Exactly as they appear below, repeat the lines from the one with "My first artichoke" through the one with "Le kit de création". Drop every picture.

## DATA
"""
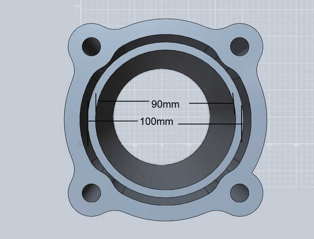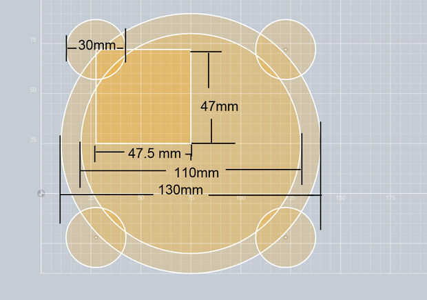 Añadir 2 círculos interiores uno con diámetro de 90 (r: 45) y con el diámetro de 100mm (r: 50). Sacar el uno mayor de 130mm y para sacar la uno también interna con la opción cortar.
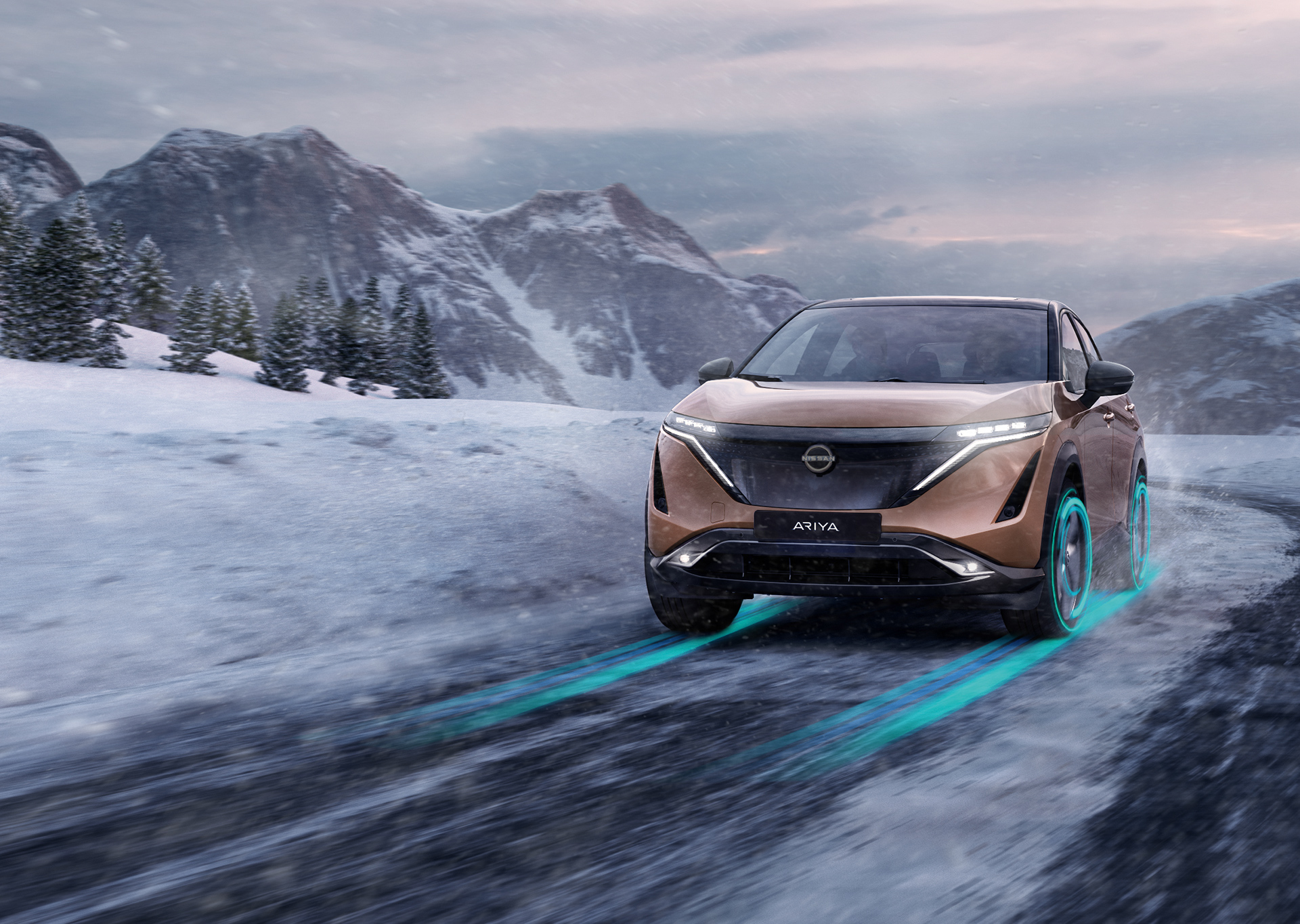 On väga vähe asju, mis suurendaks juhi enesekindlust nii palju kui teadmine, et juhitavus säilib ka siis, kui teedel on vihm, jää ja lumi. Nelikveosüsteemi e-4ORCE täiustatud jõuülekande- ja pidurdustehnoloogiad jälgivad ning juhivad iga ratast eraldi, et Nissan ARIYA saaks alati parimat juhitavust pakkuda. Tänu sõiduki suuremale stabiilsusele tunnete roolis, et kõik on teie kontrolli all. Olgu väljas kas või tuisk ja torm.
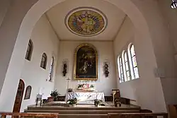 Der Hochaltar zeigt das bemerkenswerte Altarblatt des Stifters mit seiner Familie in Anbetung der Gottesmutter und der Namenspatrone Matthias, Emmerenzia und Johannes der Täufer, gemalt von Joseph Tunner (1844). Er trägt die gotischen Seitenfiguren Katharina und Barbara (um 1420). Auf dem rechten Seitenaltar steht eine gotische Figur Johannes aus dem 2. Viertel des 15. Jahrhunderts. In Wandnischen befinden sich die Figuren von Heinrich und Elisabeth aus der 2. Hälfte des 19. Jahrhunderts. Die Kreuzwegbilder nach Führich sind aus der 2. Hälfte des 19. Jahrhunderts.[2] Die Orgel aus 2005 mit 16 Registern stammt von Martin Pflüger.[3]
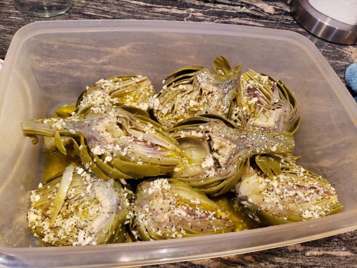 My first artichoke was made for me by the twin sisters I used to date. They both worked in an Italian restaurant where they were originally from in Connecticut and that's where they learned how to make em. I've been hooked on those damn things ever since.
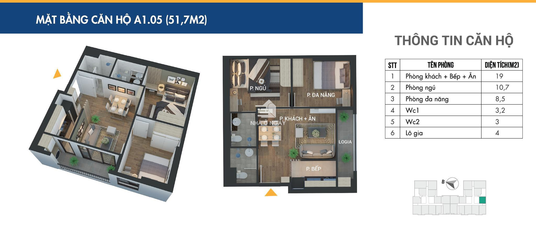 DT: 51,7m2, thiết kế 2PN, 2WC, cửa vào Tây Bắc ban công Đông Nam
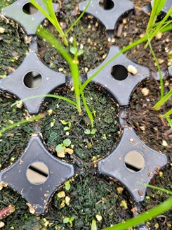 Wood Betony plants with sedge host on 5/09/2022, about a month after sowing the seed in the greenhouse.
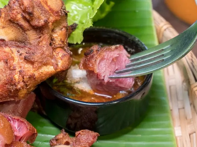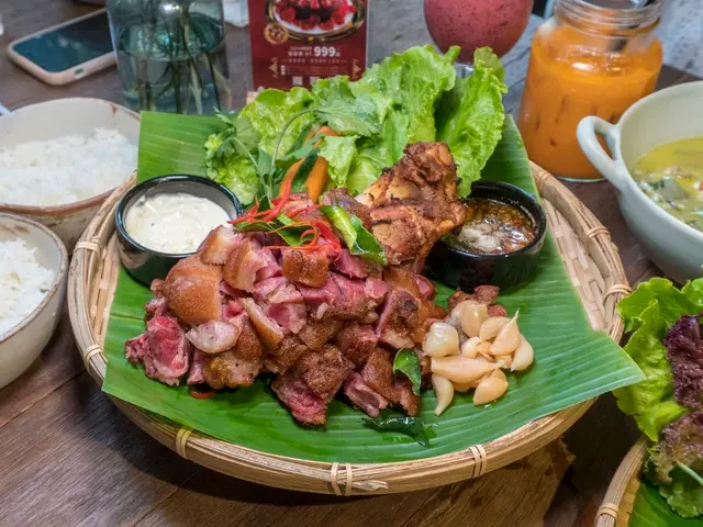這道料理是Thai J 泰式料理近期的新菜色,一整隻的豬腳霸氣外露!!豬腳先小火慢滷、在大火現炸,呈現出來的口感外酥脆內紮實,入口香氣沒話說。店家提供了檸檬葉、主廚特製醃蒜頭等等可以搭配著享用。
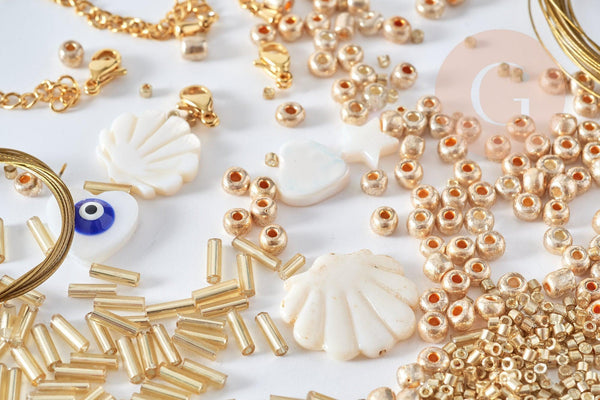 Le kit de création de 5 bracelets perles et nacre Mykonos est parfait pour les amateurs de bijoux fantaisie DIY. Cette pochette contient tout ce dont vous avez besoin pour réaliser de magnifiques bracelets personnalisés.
"""
"""
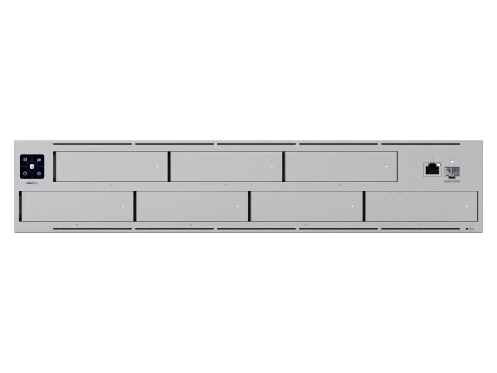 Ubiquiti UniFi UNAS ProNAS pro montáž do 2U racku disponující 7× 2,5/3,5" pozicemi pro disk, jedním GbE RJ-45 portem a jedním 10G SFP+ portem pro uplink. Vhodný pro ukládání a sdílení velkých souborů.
"""
"""
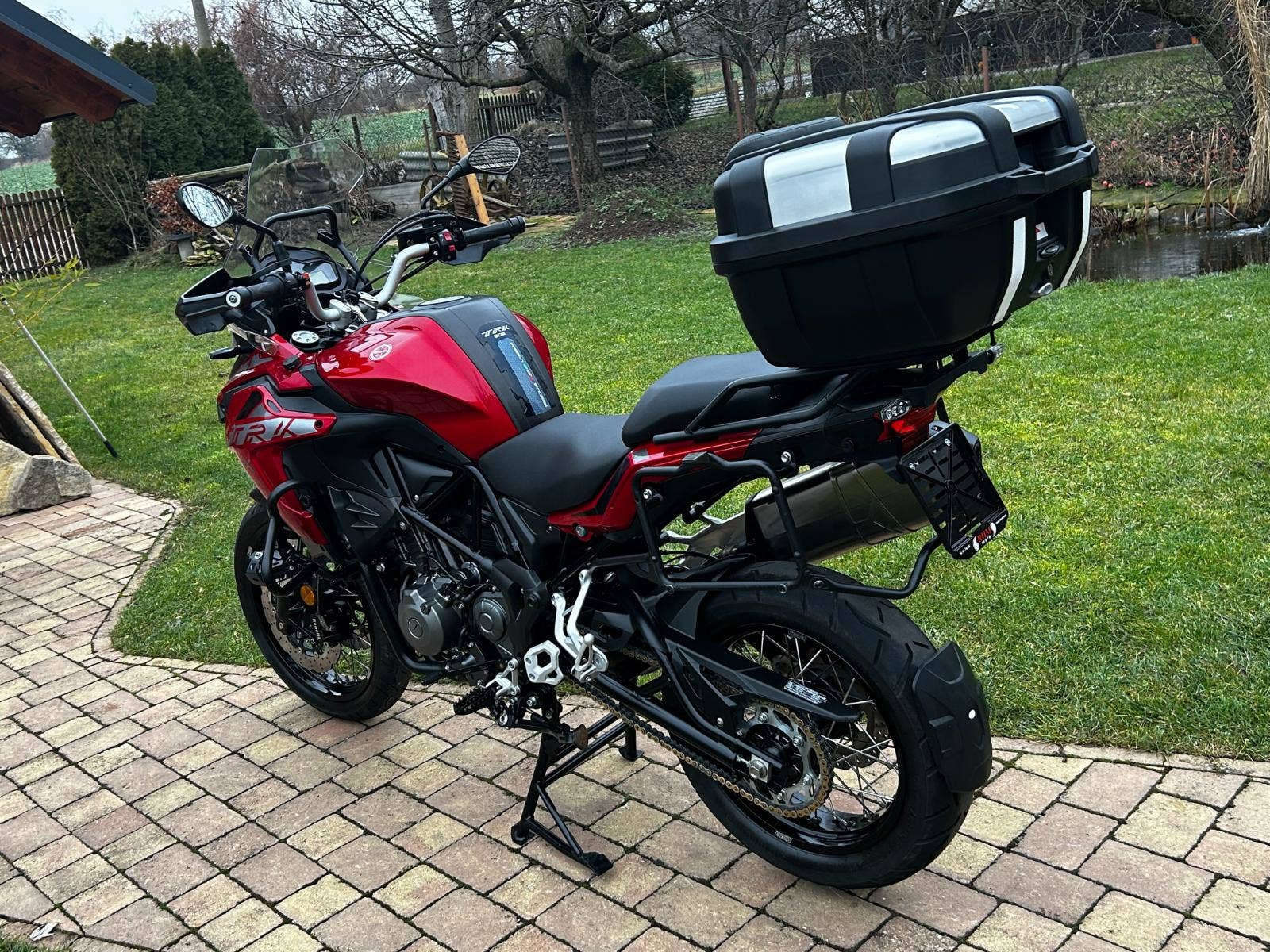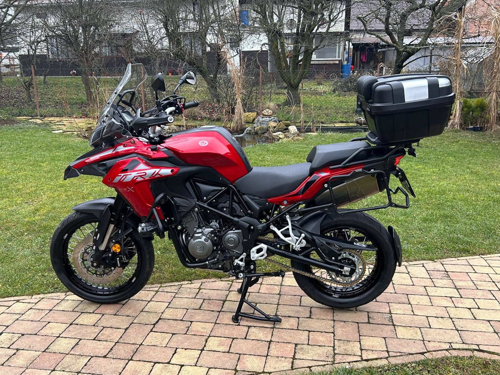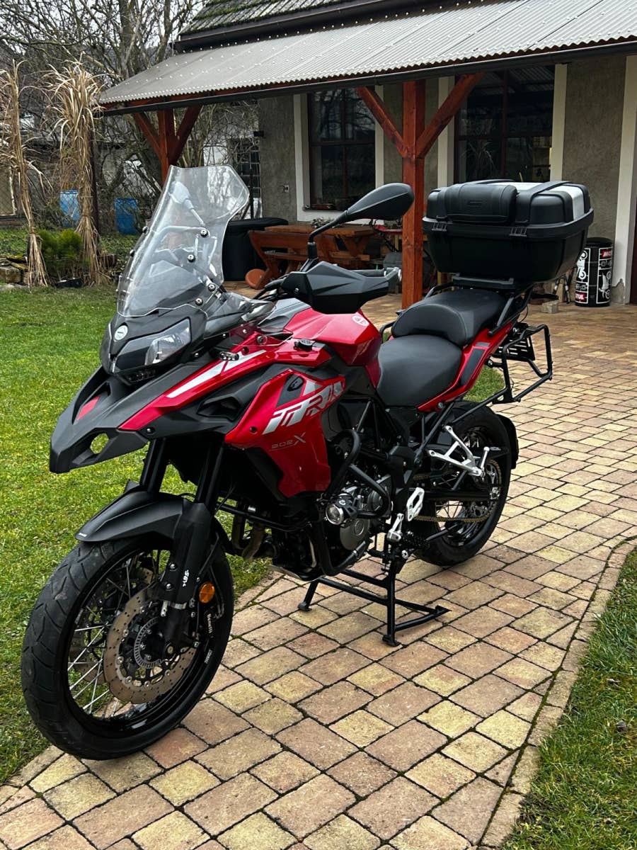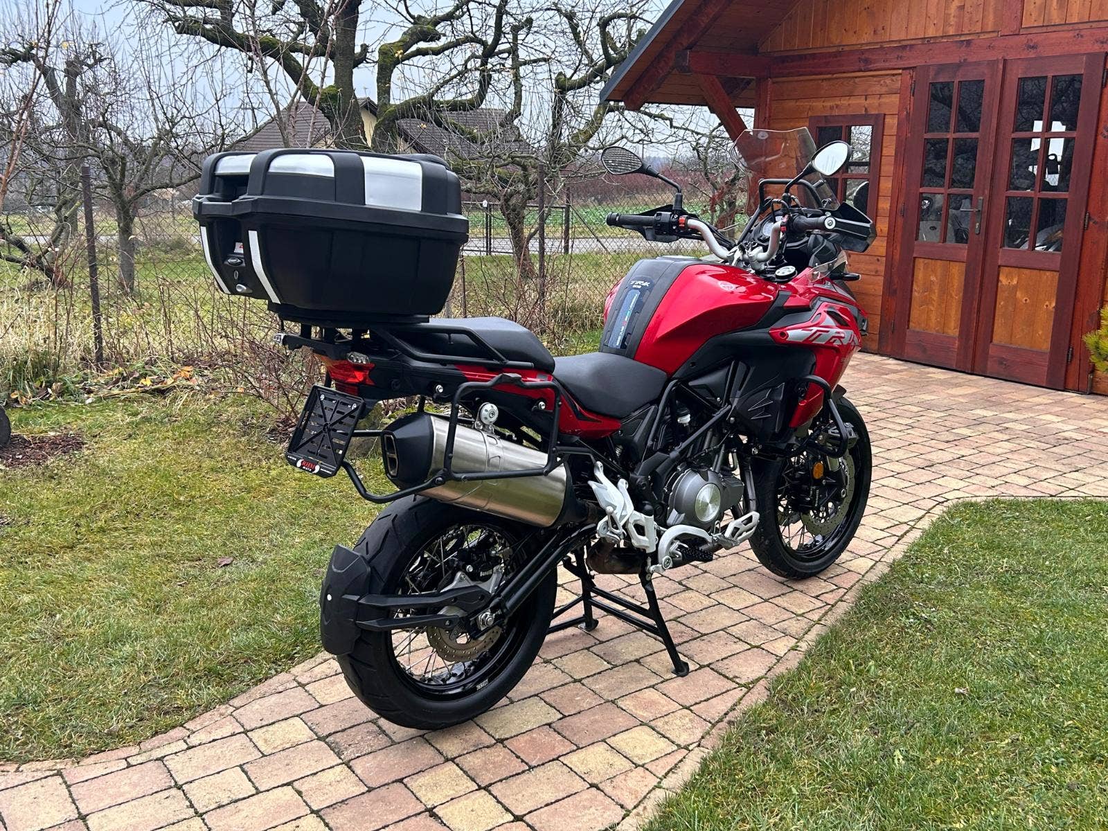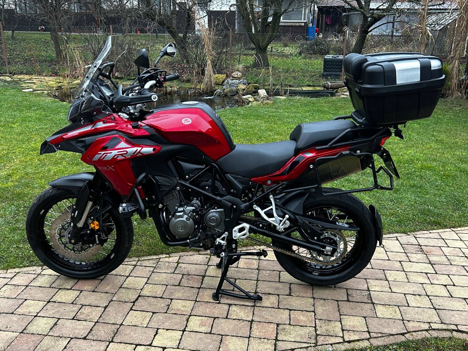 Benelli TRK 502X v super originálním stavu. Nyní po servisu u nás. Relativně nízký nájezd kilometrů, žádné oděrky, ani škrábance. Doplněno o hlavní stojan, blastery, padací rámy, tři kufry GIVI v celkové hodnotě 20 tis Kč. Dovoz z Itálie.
"""
## OUTPUT FOR THIS EXERCISE
 My first artichoke was made for me by the twin sisters I used to date. They both worked in an Italian restaurant where they were originally from in Connecticut and that's where they learned how to make em. I've been hooked on those damn things ever since.
 DT: 51,7m2, thiết kế 2PN, 2WC, cửa vào Tây Bắc ban công Đông Nam
 Wood Betony plants with sedge host on 5/09/2022, about a month after sowing the seed in the greenhouse.
這道料理是Thai J 泰式料理近期的新菜色,一整隻的豬腳霸氣外露!!豬腳先小火慢滷、在大火現炸,呈現出來的口感外酥脆內紮實,入口香氣沒話說。店家提供了檸檬葉、主廚特製醃蒜頭等等可以搭配著享用。
 Le kit de création de 5 bracelets perles et nacre Mykonos est parfait pour les amateurs de bijoux fantaisie DIY. Cette pochette contient tout ce dont vous avez besoin pour réaliser de magnifiques bracelets personnalisés.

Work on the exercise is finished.